The latest monthly Ipsos poll for the Fairfax papers is a steadier for the Turnbull government, recording the Coalition’s lead at 53-47 after it sagged to 52-48 in the previous poll. On the primary vote, the Coalition is up one to 45%, Labor is down one to 31%, and the Greens are down one to 14%. Nonetheless, the poll corroborates other recent polling in finding a plunge in support for Malcolm Turnbull, who is down seven on approval to 55% and up eight on disapproval to 32%. Bill Shorten is respectively up three to 33% and down three to 52%, and he has narrowed his deficit on preferred prime minister from 64=19 to 61-22. The poll was conducted Thursday to Saturday from a sample of 1400.

The Australian also has a Newspoll result suggesting Tony Windsor is a real show in his bid to take New England back from Nationals leader Barnaby Joyce. The survey of 518 respondents shows Windsor with a 52-48 lead on two-party preferred, from primary votes of 46% for Joyce and 44% for Windsor. When respondents were prompted for how they would vote if the contentious Shenhua Watermark mine on Liverpool Plains was approved, Windsor took a 47% to 42% lead on the primary vote, and his lead after preferences extended to 56-44.

UPDATE (Essential Research): The latest fortnightly rolling aggregate from Essential Research has two-party preferred at 50-50 for the third week in a row, with both major parties down a point on the primary vote – Coalition to 42%, Labor to 36% – and the Greens up one to 11%. Also featured are semi-regular questions on same-sex marriage (support up five points to 64% with opposition down four to 26%, and 66% favouring a plebiscite versus only 23% who think the matter should be decided by parliament) and climate change (63% say it’s caused by human activity, up seven since November, and 27% consider it natural fluctuation, down five; 57% think not enough is being done to address it, up four since August).

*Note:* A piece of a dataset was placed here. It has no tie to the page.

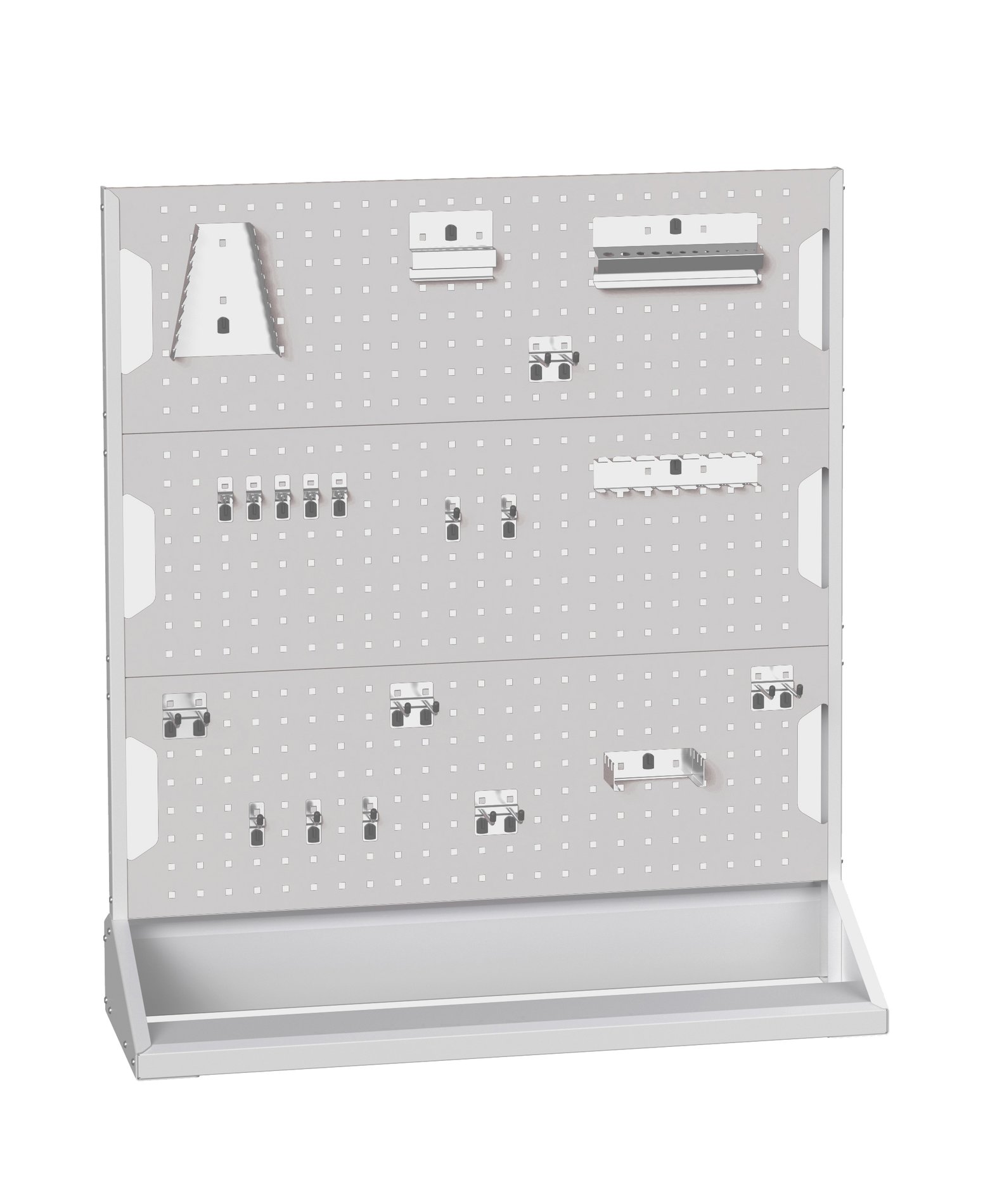 This is Sheet Steel Tool Rack manufactured by Bott. The manufacturer part number is 16917300.16V. Moreover, it has hooks(20), panel(3), rack(1) set contents . The product is made from highly stable and reliable sheet steel. It comes in panel rack & hook kit configuration. The product includes panel hook type tool storage .

Other questions look in depth at the leaders, including a finding that 39% favour Malcolm Turnbull to lead the Liberal Party (down three since December), with Julie Bishop on 12% (down one) and Tony Abbott on 9% (steady). Changes on the equivalent Labor question are slight, but Bill Shorten nonetheless pulls into the lead by gaining two points to 15%, with Anthony Albanese and Tanya Plibersek both steady on 14%, and Chris Bowen up four to 7%. Questions on the attributes of the two leaders are fairly predictable in finding Malcolm Turnbull deteriorating across all measures since September, while Bill Shorten remains steady. Turnbull takes particularly heavy hits on understanding the problems facing Australia (down ten to 53%), being good in a crisis (down seven to 52%), and being visionary (down seven to 44%). Interestingly though, his biggest move is a drop in “aggressive”, from 38% to 24%.